Department of Biosciences and Bioengineering, Wadhwani Research Centre for Biosciences and Bioengineering, Indian Institute of Technology Bombay, Mumbai, India.
PLoS One. 2012;7(3):e31924. doi: 10.1371/journal.pone.0031924. Epub 2012 Mar 5.
Peptide/protein hormones could be stored as non-toxic amyloid-like structures in pituitary secretory granules. ACTH and β-endorphin are two of the important peptide hormones that get co-stored in the pituitary secretory granules. Here, we study molecular interactions between ACTH and β-endorphin and their colocalization in the form of amyloid aggregates. Although ACTH is known to be a part of ACTH-β-endorphin aggregate, ACTH alone cannot aggregate into amyloid under various plausible conditions. Using all atom molecular dynamics simulation we investigate the early molecular interaction events in the ACTH-β-endorphin system, β-endorphin-only system and ACTH-only system. We find that β-endorphin and ACTH formed an interacting unit, whereas negligible interactions were observed between ACTH molecules in ACTH-only system. Our data suggest that ACTH is not only involved in interaction with β-endorphin but also enhances the stability of mixed oligomers of the entire system.

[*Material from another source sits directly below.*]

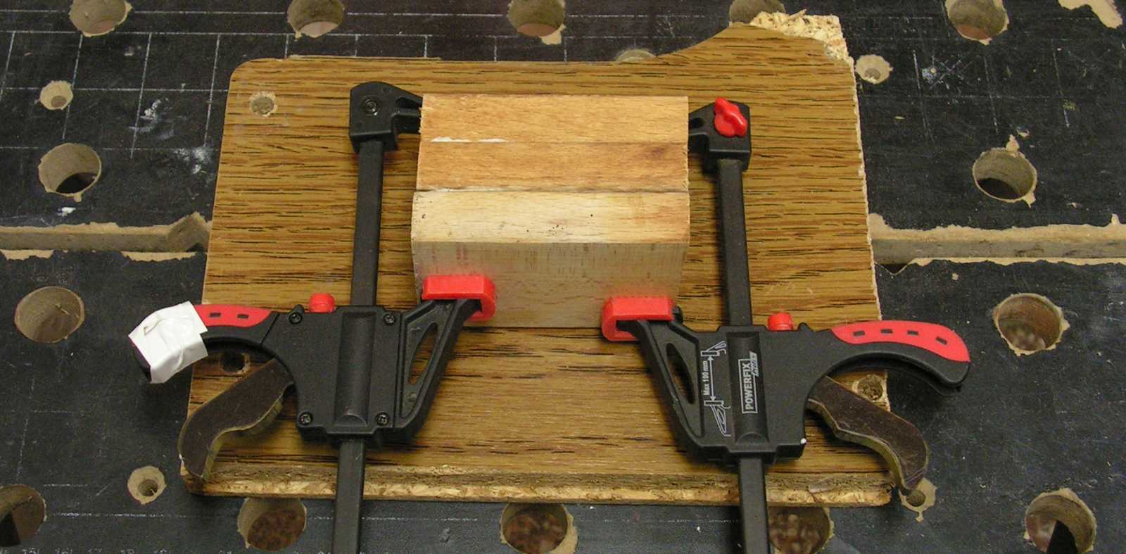 Majd egy másik polcról a két minap kipofozott kisebbik asztalos szorítót, amivel összehúzattam a fadarabokat. A ragasztó megkötésének érdekében a kombináció valószínűleg nem csak holnapig marad így. Aztán persze lehet, hogy lejövök hozzá, de amennyi dolgom a lakásban is van, ezt nem tartom valószínűnek. |

肽/蛋白激素可以作为无毒性的淀粉样结构储存在垂体分泌颗粒中。ACTH 和 β-内啡肽是两种重要的储存在垂体分泌颗粒中的肽类激素。在这里,我们研究了 ACTH 和 β-内啡肽之间的分子相互作用及其以淀粉样聚集物的形式共定位。虽然已知 ACTH 是 ACTH-β-内啡肽聚集物的一部分,但 ACTH 本身在各种合理条件下都不能聚合形成淀粉样纤维。我们使用全原子分子动力学模拟研究了 ACTH-β-内啡肽系统、β-内啡肽-only 系统和 ACTH-only 系统中的早期分子相互作用事件。我们发现 β-内啡肽和 ACTH 形成了一个相互作用单元,而在 ACTH-only 系统中,ACTH 分子之间几乎没有相互作用。我们的数据表明,ACTH 不仅参与与 β-内啡肽的相互作用,而且还增强了整个系统混合寡聚物的稳定性。